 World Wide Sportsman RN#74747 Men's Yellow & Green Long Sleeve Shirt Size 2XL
---
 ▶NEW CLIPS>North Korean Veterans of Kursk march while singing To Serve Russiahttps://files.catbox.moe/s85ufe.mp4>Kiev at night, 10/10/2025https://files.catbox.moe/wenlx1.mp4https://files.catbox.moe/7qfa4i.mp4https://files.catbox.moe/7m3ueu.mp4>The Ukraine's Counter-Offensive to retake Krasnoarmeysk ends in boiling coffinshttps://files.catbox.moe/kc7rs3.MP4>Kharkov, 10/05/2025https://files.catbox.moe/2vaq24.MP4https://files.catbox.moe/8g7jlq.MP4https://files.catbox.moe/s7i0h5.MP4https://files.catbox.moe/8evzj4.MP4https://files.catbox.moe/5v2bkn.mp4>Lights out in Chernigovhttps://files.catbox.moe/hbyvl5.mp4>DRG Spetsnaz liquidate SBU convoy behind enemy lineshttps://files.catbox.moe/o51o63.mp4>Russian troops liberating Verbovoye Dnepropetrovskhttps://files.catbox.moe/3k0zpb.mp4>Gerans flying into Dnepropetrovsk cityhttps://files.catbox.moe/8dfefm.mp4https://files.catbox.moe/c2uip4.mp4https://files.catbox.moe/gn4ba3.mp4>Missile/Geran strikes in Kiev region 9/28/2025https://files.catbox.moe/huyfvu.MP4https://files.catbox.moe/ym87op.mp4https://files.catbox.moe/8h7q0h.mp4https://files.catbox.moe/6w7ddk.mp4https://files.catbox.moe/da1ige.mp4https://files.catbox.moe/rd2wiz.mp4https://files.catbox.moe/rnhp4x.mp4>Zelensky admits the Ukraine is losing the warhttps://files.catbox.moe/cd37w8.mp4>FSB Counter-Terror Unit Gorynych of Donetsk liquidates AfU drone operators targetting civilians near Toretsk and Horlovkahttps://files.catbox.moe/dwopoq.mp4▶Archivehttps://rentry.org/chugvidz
* * *
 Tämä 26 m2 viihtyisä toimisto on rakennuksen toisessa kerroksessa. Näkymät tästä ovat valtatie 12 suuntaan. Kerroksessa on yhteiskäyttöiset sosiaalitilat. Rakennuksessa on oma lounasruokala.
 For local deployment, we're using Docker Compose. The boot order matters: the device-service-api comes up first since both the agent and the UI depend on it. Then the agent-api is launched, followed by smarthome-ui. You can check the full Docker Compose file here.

(WORK TO BE COMPLETED) In the listing above, find the line with "Tämä 26 m2 viihtyisä" and the line with "For local deployment, we're", then print exactly those lines and every line between them.

(RESPONSE TO THE TASK)
 Tämä 26 m2 viihtyisä toimisto on rakennuksen toisessa kerroksessa. Näkymät tästä ovat valtatie 12 suuntaan. Kerroksessa on yhteiskäyttöiset sosiaalitilat. Rakennuksessa on oma lounasruokala.
 For local deployment, we're using Docker Compose. The boot order matters: the device-service-api comes up first since both the agent and the UI depend on it. Then the agent-api is launched, followed by smarthome-ui. You can check the full Docker Compose file here.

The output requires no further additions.